Las Sidrerías Excelentes se unen para brindar lo mejor de Asturias

En el mes de enero comienzan las espichas de sidra en Asturias, el momento de catar la nueva cosecha de sidra antes de embotellarla. En Asturias, el sello Sidrerías Excelentes, otorgado a las sidrerías ambientadas en la cultura tradicional y expertas en el escanciado de esta bebida, garantiza al visitante la mejor elección.

Regina Buitrago

Una espicha es una reunión festiva asturiana en la que se bebe sidra. Consiste, o consistía más bien, en juntarse varias personas en un llagar para abrir o espichar un tonel de sidra, una pipa, como se suele llamar a esos grandes toneles de unos 500 litros, donde el zumo de manzana evoluciona durante dos o tres meses. El momento propio de las espichas es ahora, en enero, o a comienzos de febrero para los que no trasiegan la sidra y solo la tienen tres meses en barrica. Es el momento de catar la nueva sidra antes de embotellarla. Es también el momento de corregir algún defecto que pueda subsanarse antes del embotellado.
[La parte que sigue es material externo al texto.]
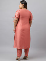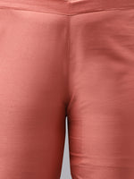 Janasya Women's Peach Poly Silk Straight Festive Kurta Set

La sidra, producto típicamente asturiano con DOP (Denominación de Origen Protegido) es mimada en el Principado de Asturias hasta la excelencia: 227 sidrerías-restaurante y 42 sidrerías-bar ofrecen el mejor tratamiento para el néctar de la manzana. Las sidrerías, independientemente del grupo en que estén clasificadas, tienen que contar con los materiales y el personal necesario para la conservación y escanciado de la sidra natural, según la costumbre asturiana. También los diseños de los locales deben estar en consonancia con la etnografía de la región, y todas las sidrerías tienen que exhibir una placa en la que figure el distintivo de su calificación.

La sidra encuentra su mejor sitio en los selectos establecimientos en los que se la trata como la compañera perfecta de mesa que es. Una máxima que se cumple en la capital del Principado, en la Sidrería Juan Carlos (Los Avellanos, 2), campeón de los escanciadores de Asturias que sabe acompañar a unos pescados y mariscos excelentes de la mejor sidra de la temporada. Cerca de Oviedo, en Tiñana, el llagar Fonciello (www.sidrafonciello.com) selecciona con primor los distintos tipos de manzana para la elaboración de su sidra: regona, coloradota... y organiza divertidas espichas (fiestas con sidra y productos de la tierra).

En Langreo, corazón de las Cuencas Mineras y del Valle del Nalón, la sidrería La Pomar (www.lapomar.com) mantiene una continuada calidad en sus cocidos tradicionales y los mariscos de su vivero. Ya en la costa, en Gijón, y dentro de las sidrerías excelentes, en Casa Ataúlfo (Cabrales, 29) dominan los productos del mar, siempre con la sidra bien escanciada. Desde 1890, en Avilés, la veterana Casa Lin (Avda. de los Telares, 6) ofrece un auténtico ambiente de sidrería donde hay que probar sus famosos mejillones y sus fresquísimos pescados.

Pero la zona de Asturias de mayor importancia en la cosecha de manzana y elaboración de sidra es la Comarca de la Sidra. Villaviciosa, capital sidrera, también posee una buena cantidad de lagares y estupendas sidrerías para la degustación de unos refrescantes culines (pequeños tragos) de sidra acompañados del típico picoteo de las espichas asturianas. En el Llagar Cortina (www.sidracortina.com) se ofrecen visitas al público con espicha de muestra, o almuerzos en su sidrería donde se puede comprobar el excelente maridaje de la sidra con las mejores carnes asturianas, mariscos y pescados del Cantábrico y los postres típicos, como los deliciosos frixuelos rellenos.

En la zona occidental, en Tapia de Casariego, la sorpresa está en la peculiar sidrería La Terraza (Amor de Dios, 2), centenario establecimiento que acoge, año tras año, en su patio habitado por una longeva higuera a todos los amantes de la buena sidra y de su afamado bonito al horno. Por último, en la comarca del Oriente y en la que fuera capital del Reino, Cangas de Onís, el restaurante sidrería Los Arcos (www.arceahoteles.com), la única con la marca de calidad Mesas de Asturias, sorprende con sus guisos y carnes roxas de los Picos de Europa, quesos artesanales y también con sus postres, como el venerado pastel de chocolate, hecho al momento.